WEST PALM BEACH, Fla. (AP) — As Donald Trump adjusts to the reality of his new race against Kamala Harris, his campaign is counting on younger male voters to give him an edge in November in a presidential race they say he will lose. .
Trump and his Republican campaign now face a dramatically different race than they did just three weeks ago, before President Joe Biden dropped his bid. While they acknowledge that the polls have tightened with Harris as the Democratic nominee, they argue that the fundamentals of the race have not changed, and voters are deeply hurt by the direction of the country, and especially the economy.
“What’s happened is we’re witnessing a kind of out-of-body experience where we’ve suspended reality for a couple of weeks,” a Trump campaign poll. Tony Fabrizio told reporters at a press conference in West Palm Beach on Thursday about the current state of the race.

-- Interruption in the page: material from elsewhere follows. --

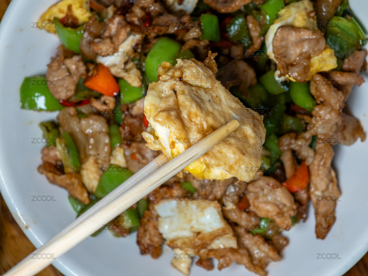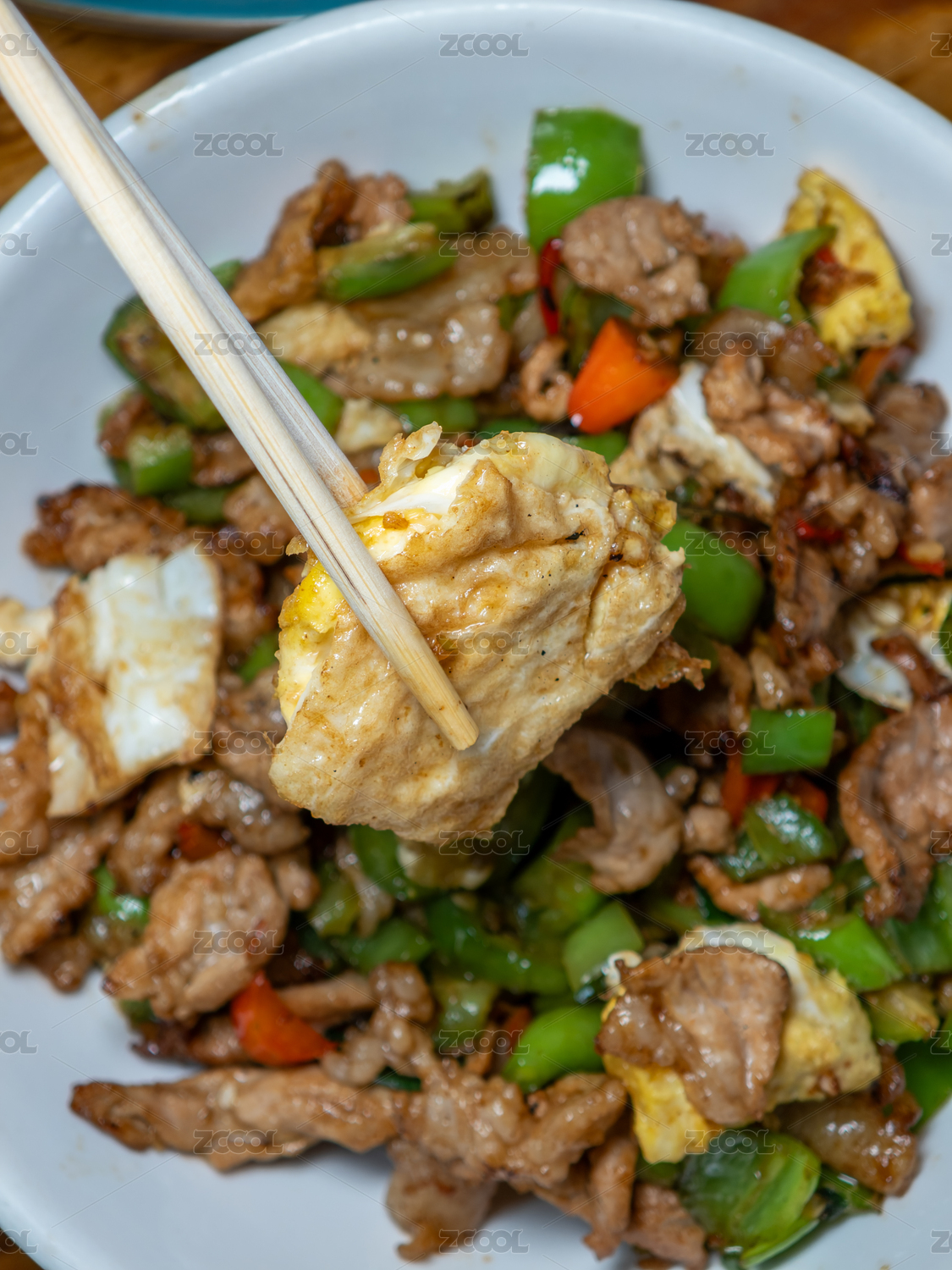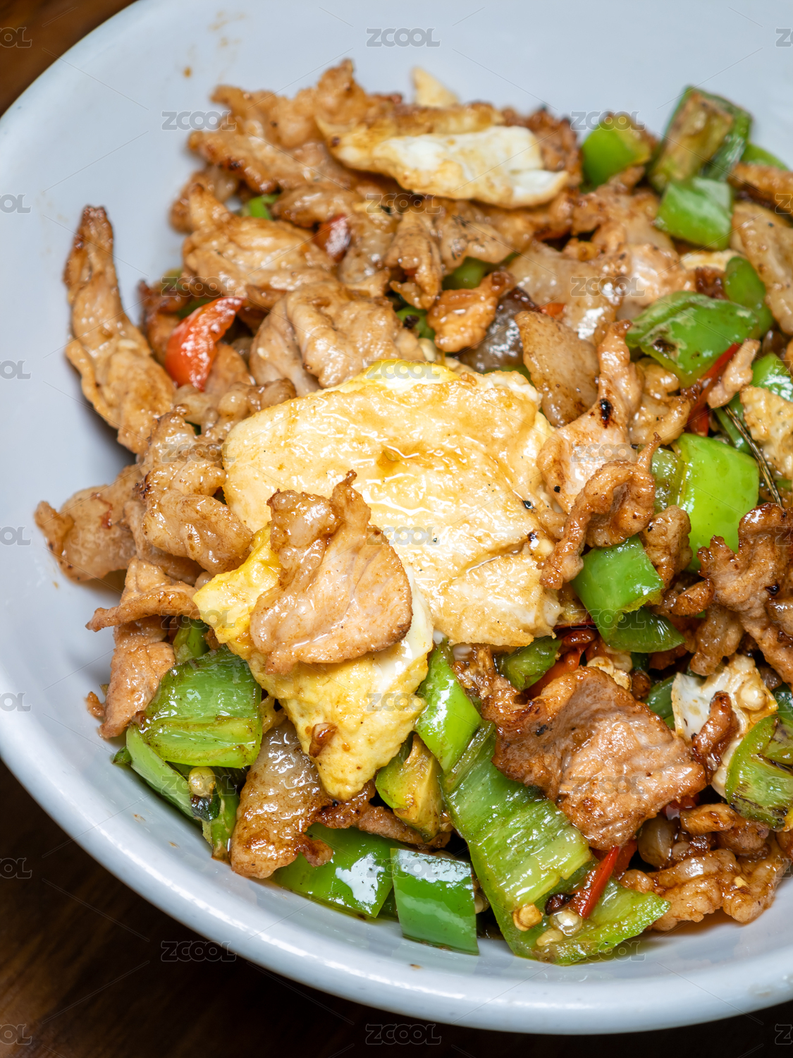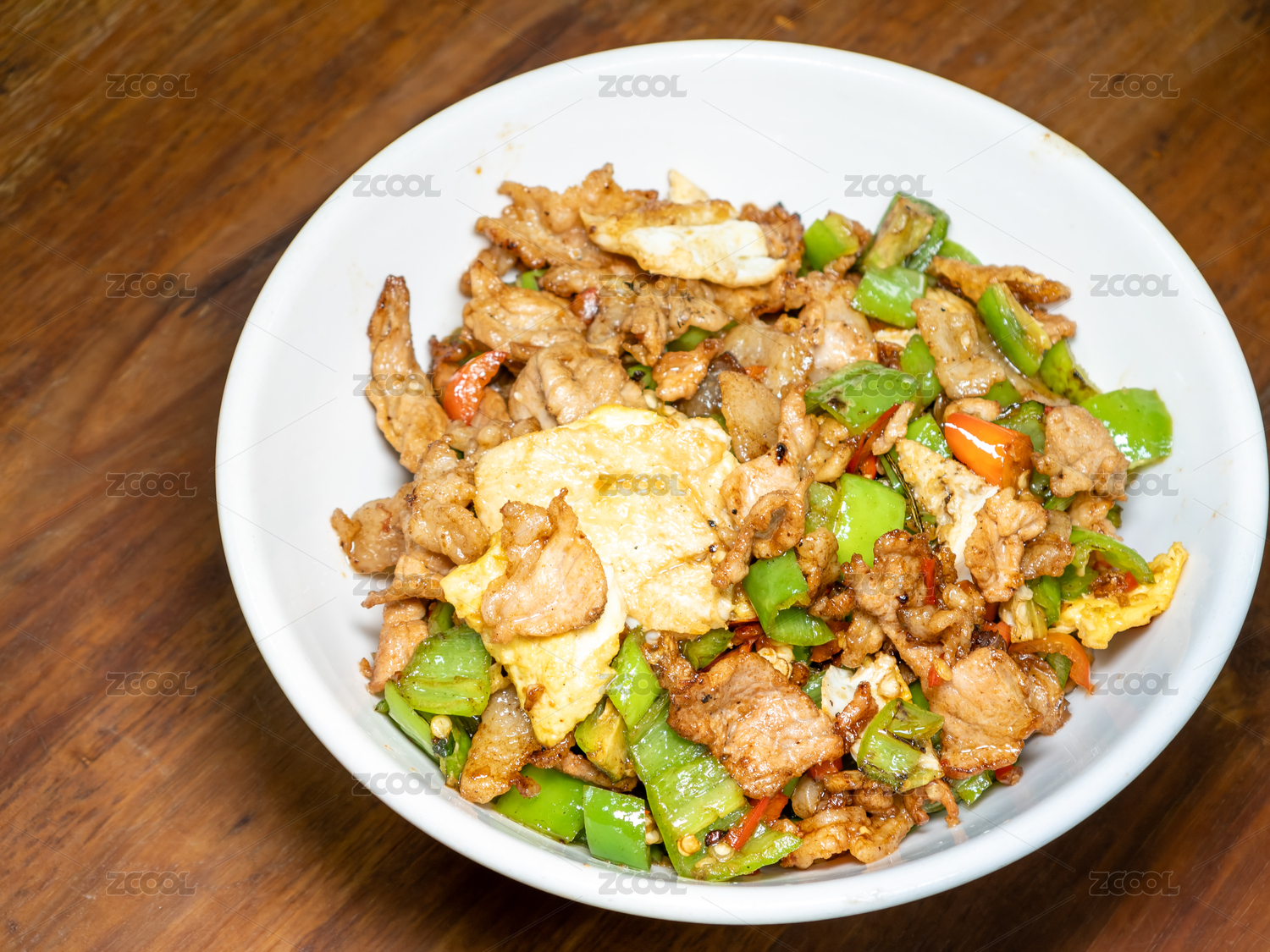 香辣青椒雞蛋炒肉片雞蛋和米飯

It was a message Trump repeated at a news conference at his Mar-a-Lago club.
“The honeymoon is over,” he claimed, downplaying the size of the crowds Harris has been drawing and hitting on his new opponent. “Let me tell you: we’re excited.”
Campaign officials acknowledge that Harris had energized the Democratic base and that his team has taken the lead in fundraising. But they insist they have more than enough to do what they need to win. The Trump campaign and its affiliates reported raising $138.7 million in July — far less than the eye-popping $310 million reported by Harris. His campaign started in August with more cash.
With less than three months to go, campaign officials are focused on a group of persuasive voters they believe will be the key to victory. The targets, which they say make up about 11 percent of voters in key battleground states, are younger and disproportionately male and moderate. Although more than half are white, they include more non-whites, particularly Asians and Hispanics, than the broader electorate.
They are especially frustrated with the economy, including their personal finances, and are pessimistic that things will get better.
“We’re trying to move a very narrow group of people,” Fabrizio said of the effort. Since these voters don’t engage with traditional news outlets and have switched to cable streaming services, the campaign has sought to reach them in new ways.
“There’s a reason we do podcasts. There’s a reason we do Adin Rossi,” Fabrizio said, referring to the controversial internet personality who ended his interview with the former president earlier this week by giving him a Tesla. Cybertruck wrapped in images of Trump raising his fist after his assassination attempt.
“There’s a reason we do all these things. You know what these people pay attention to? MMA, Adin Ross,” he said. “MMA” refers to mixed martial arts.
Trump campaign officials acknowledge that the Democratic base is now motivated in a way that was not when Biden was running. They say Harris is likely to do better than Biden with black voters, especially women and older men.
But they argue that Harris is doing little to attract swing voters. And they plan to spend the next 80-plus days painting him as a radical liberal and establishment representative, not one for change, tying him to the most unpopular practices of the Biden administration.
“There’s a lot more information about him that they don’t know they’re going to hear. And we’re going to make sure they do,” Fabrizio said.
They believe that by the end of the race, neither candidate will be favored, but voters will choose the candidate they believe will most improve their economic circumstances.
They pointed to a line Harris has used to refer to Trump’s presidency — “We’re not going back” — as particularly poorly handled because some voters say things were better when Trump was in office than they are now.
Trump campaign aides said they now have staff on the ground in 18 states, from critical battleground states to Democratic-leaning states like Virginia that they hope to bring into play.
The campaign says it now has hundreds of paid staffers and more than 300 Trump and GOP offices open in battleground states.
But much of their efforts depend on volunteers and outside groups.
They’re trying to replicate a model they used successfully in the GOP primary in Iowa this winter, where volunteer “demand captains” were given a list of 10 neighbors they promised to turn out. Thanks to the campaign, the model has increased the voter turnout on a brutally cold and icy election night.
The “Trump Force 47” program focuses on targeting low- and middle-income voters. Volunteers go through, write postcards, manage the phone bank and organize their neighbors.
According to officials, so far 12,000 captains have been trained and given voter target lists. In addition, 30,000 have registered as volunteers, and more than 2,000 have received training in the week leading up to election day.
Much of the campaign’s outreach also depends on outside groups conducting paid polls and polls thanks to new Federal Election Commission guidelines that allow campaigns to coordinate with outside groups. previously prohibited.
The campaign says it has more than 1,000 paid voters in battleground states and is also working to register about 1.6 million target voters in those race seats.